Not sure if the creation of the nodes would be best done by the producers or consumers,
but destruction would have to be done by the consumer, as the producers don't wait for
processing. For optimal results, the consumer process should sleep until item(s) are added
to its queue.

Query: within the existing backend framework, what's the best way to accomplish this?
  Thanks,
   Tim Holloway

Re: [HACKERS] Thread-safe queueing?

From

Tom Lane

Date:

13 November 1999, 10:16:17

Tim Holloway <mtsinc@southeast.net> writes:
> I need to create a cross-process producer/consumer data queue
> (e.g. singly-linked list).  That is - Processes A, B, and C add nodes
> to a controlled list and process D removes them.  Not sure if the
> creation of the nodes would be best done by the producers or
> consumers, but destruction would have to be done by the consumer, as
> the producers don't wait for processing. For optimal results, the
> consumer process should sleep until item(s) are added to its queue.
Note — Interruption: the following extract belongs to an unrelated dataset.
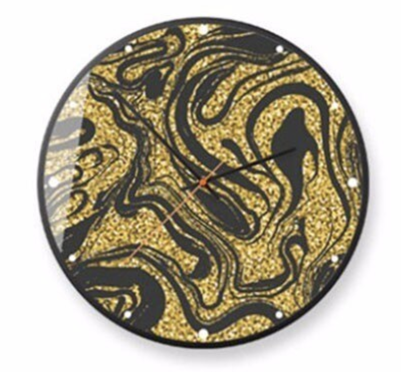 Czy szukasz elementu dekoracyjnego, który odmieni Twoje wnętrze i nada mu niepowtarzalnego charakteru? Nasz elegancki zegar ścienny to znacznie więcej niż tylko urządzenie do mierzenia czasu – to prawdziwe dzieło sztuki! Dzięki fascynującemu wzorowi przypominającemu marmurkowe fale, gdzie intensywna czerń spotyka się z hipnotyzującym, złotym brokatem, ten zegar ścienny stanie się centralnym punktem każdego pomieszczenia. Wyobraź sobie, jak światło delikatnie odbija się od tysięcy drobinek brokatu, tworząc dynamiczny spektakl blasku i luksusu na Twojej ścianie. To idealny wybór dla tych, którzy cenią sobie nowoczesny design, odrobinę ekstrawagancji i chcą podkreślić swój indywidualny styl.

> Query: within the existing backend framework, what's the best way to
> accomplish this?

More context, please.  What are you trying to accomplish?  Is this
really a communication path between backends (and if so, what backend
code needs it?), or are you trying to set up a queue between SQL
clients?  How much data might need to be in the queue at one time?
        regards, tom lane

Re: [HACKERS] Thread-safe queueing?

From

Tim Holloway

Date:

13 November 1999, 20:18:24

Tom Lane wrote:
> 
> Tim Holloway <mtsinc@southeast.net> writes:
> > I need to create a cross-process producer/consumer data queue
> > (e.g. singly-linked list).  That is - Processes A, B, and C add nodes
> > to a controlled list and process D removes them.  Not sure if the
> > creation of the nodes would be best done by the producers or
> > consumers, but destruction would have to be done by the consumer, as
> > the producers don't wait for processing. For optimal results, the
> > consumer process should sleep until item(s) are added to its queue.
> 
> > Query: within the existing backend framework, what's the best way to
> > accomplish this?
> 
> More context, please.  What are you trying to accomplish?  Is this
> really a communication path between backends (and if so, what backend
> code needs it?), or are you trying to set up a queue between SQL
> clients?  How much data might need to be in the queue at one time?
> 
>                         regards, tom lane
> 

This is for the logging subsystem I'm developing. The backends call pg_log(),
which is like elog(), except that the message is a resource ID + any parameters
in order to support locales and custom message formatting. These ID+parameter
packets are then pipelined down to the logging channels via the log engine to
be formatted and output according to rules in the configuration file.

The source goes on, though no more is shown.